→ **EXERCISE**
No pictures, please: print exactly the lines from the one that contains "Businessman showing circle" through the last line of the listing.
»»
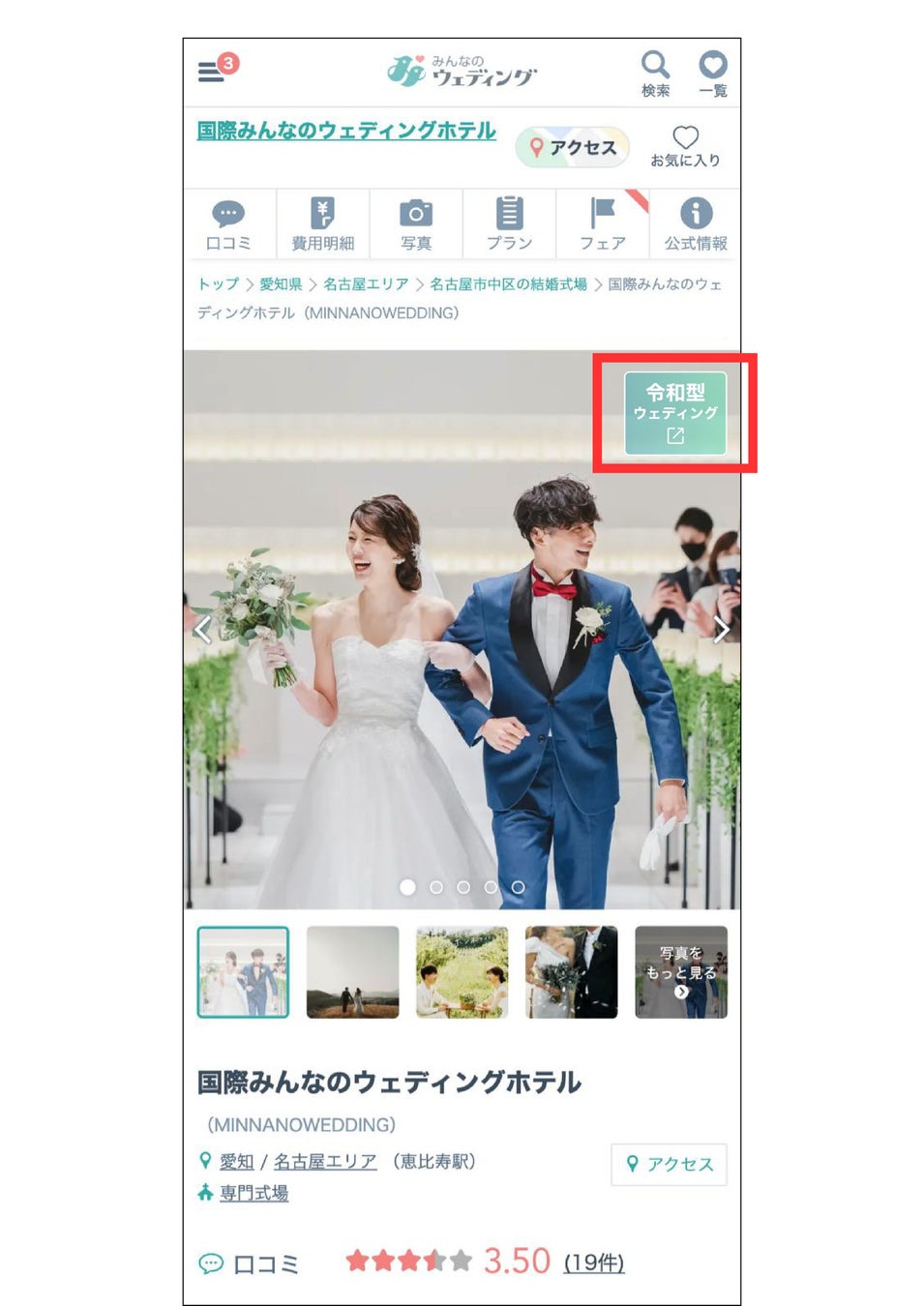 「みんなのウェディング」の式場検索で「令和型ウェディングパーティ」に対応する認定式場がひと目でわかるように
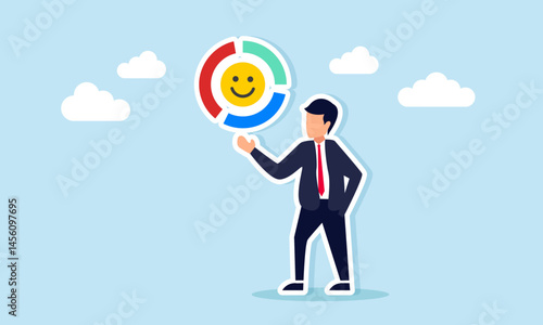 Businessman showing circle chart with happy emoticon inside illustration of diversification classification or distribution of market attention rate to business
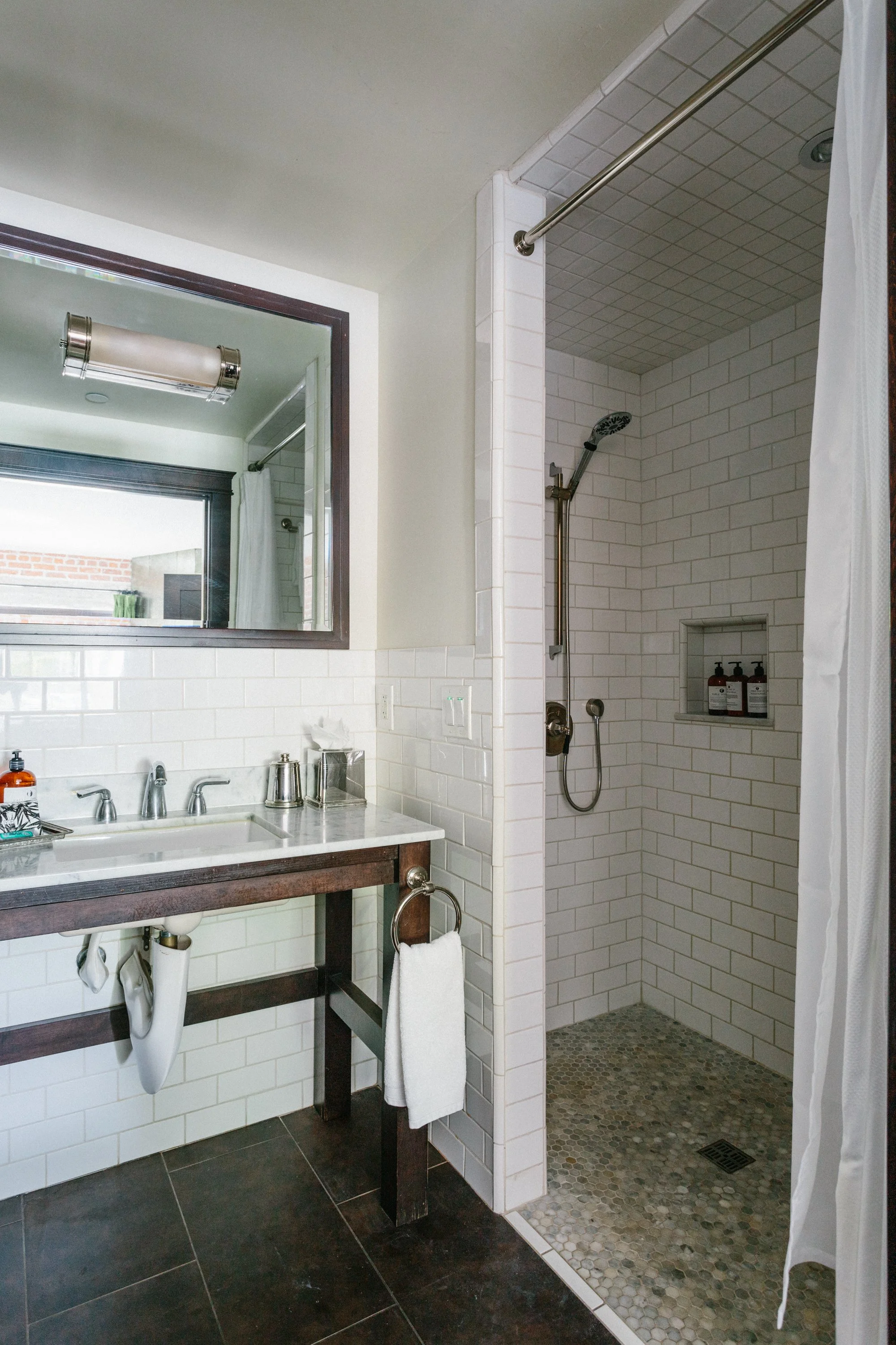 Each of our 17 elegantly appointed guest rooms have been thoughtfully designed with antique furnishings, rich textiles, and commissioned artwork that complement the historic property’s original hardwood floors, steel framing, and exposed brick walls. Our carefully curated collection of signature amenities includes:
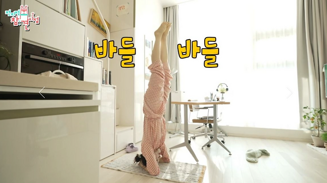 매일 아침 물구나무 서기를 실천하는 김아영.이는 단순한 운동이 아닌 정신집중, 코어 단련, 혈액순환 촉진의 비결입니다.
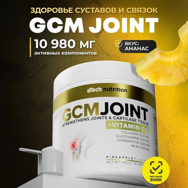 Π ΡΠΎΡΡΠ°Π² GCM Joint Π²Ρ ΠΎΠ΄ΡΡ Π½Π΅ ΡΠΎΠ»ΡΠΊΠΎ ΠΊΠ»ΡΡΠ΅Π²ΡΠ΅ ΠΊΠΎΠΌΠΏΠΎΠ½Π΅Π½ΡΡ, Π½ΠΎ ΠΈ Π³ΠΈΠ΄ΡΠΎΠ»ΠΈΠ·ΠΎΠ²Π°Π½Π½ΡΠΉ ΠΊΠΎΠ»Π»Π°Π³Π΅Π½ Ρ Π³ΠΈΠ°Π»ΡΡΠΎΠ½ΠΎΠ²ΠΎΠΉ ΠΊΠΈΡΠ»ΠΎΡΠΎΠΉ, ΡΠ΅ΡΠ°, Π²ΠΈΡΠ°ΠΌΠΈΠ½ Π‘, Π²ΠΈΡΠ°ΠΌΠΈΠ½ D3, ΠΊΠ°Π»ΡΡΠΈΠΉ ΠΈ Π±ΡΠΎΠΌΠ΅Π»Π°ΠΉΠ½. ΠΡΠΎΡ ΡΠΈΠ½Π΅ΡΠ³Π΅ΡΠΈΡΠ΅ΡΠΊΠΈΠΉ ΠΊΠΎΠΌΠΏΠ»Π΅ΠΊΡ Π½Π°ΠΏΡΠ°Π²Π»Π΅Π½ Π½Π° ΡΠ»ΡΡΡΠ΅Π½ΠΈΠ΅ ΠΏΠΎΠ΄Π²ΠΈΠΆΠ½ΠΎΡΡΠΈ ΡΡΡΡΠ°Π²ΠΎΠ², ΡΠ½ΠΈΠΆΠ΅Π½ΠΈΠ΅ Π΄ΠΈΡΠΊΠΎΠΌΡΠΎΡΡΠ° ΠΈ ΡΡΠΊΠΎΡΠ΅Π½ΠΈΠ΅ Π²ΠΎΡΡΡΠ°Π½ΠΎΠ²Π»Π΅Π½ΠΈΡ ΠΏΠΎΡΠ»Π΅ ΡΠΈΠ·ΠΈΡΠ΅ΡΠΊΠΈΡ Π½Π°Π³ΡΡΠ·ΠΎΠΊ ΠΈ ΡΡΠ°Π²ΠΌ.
««
→ **TASK SOLUTION**
 Businessman showing circle chart with happy emoticon inside illustration of diversification classification or distribution of market attention rate to business
 Each of our 17 elegantly appointed guest rooms have been thoughtfully designed with antique furnishings, rich textiles, and commissioned artwork that complement the historic property’s original hardwood floors, steel framing, and exposed brick walls. Our carefully curated collection of signature amenities includes:
 매일 아침 물구나무 서기를 실천하는 김아영.이는 단순한 운동이 아닌 정신집중, 코어 단련, 혈액순환 촉진의 비결입니다.
 Π ΡΠΎΡΡΠ°Π² GCM Joint Π²Ρ ΠΎΠ΄ΡΡ Π½Π΅ ΡΠΎΠ»ΡΠΊΠΎ ΠΊΠ»ΡΡΠ΅Π²ΡΠ΅ ΠΊΠΎΠΌΠΏΠΎΠ½Π΅Π½ΡΡ, Π½ΠΎ ΠΈ Π³ΠΈΠ΄ΡΠΎΠ»ΠΈΠ·ΠΎΠ²Π°Π½Π½ΡΠΉ ΠΊΠΎΠ»Π»Π°Π³Π΅Π½ Ρ Π³ΠΈΠ°Π»ΡΡΠΎΠ½ΠΎΠ²ΠΎΠΉ ΠΊΠΈΡΠ»ΠΎΡΠΎΠΉ, ΡΠ΅ΡΠ°, Π²ΠΈΡΠ°ΠΌΠΈΠ½ Π‘, Π²ΠΈΡΠ°ΠΌΠΈΠ½ D3, ΠΊΠ°Π»ΡΡΠΈΠΉ ΠΈ Π±ΡΠΎΠΌΠ΅Π»Π°ΠΉΠ½. ΠΡΠΎΡ ΡΠΈΠ½Π΅ΡΠ³Π΅ΡΠΈΡΠ΅ΡΠΊΠΈΠΉ ΠΊΠΎΠΌΠΏΠ»Π΅ΠΊΡ Π½Π°ΠΏΡΠ°Π²Π»Π΅Π½ Π½Π° ΡΠ»ΡΡΡΠ΅Π½ΠΈΠ΅ ΠΏΠΎΠ΄Π²ΠΈΠΆΠ½ΠΎΡΡΠΈ ΡΡΡΡΠ°Π²ΠΎΠ², ΡΠ½ΠΈΠΆΠ΅Π½ΠΈΠ΅ Π΄ΠΈΡΠΊΠΎΠΌΡΠΎΡΡΠ° ΠΈ ΡΡΠΊΠΎΡΠ΅Π½ΠΈΠ΅ Π²ΠΎΡΡΡΠ°Π½ΠΎΠ²Π»Π΅Π½ΠΈΡ ΠΏΠΎΡΠ»Π΅ ΡΠΈΠ·ΠΈΡΠ΅ΡΠΊΠΈΡ Π½Π°Π³ΡΡΠ·ΠΎΠΊ ΠΈ ΡΡΠ°Π²ΠΌ.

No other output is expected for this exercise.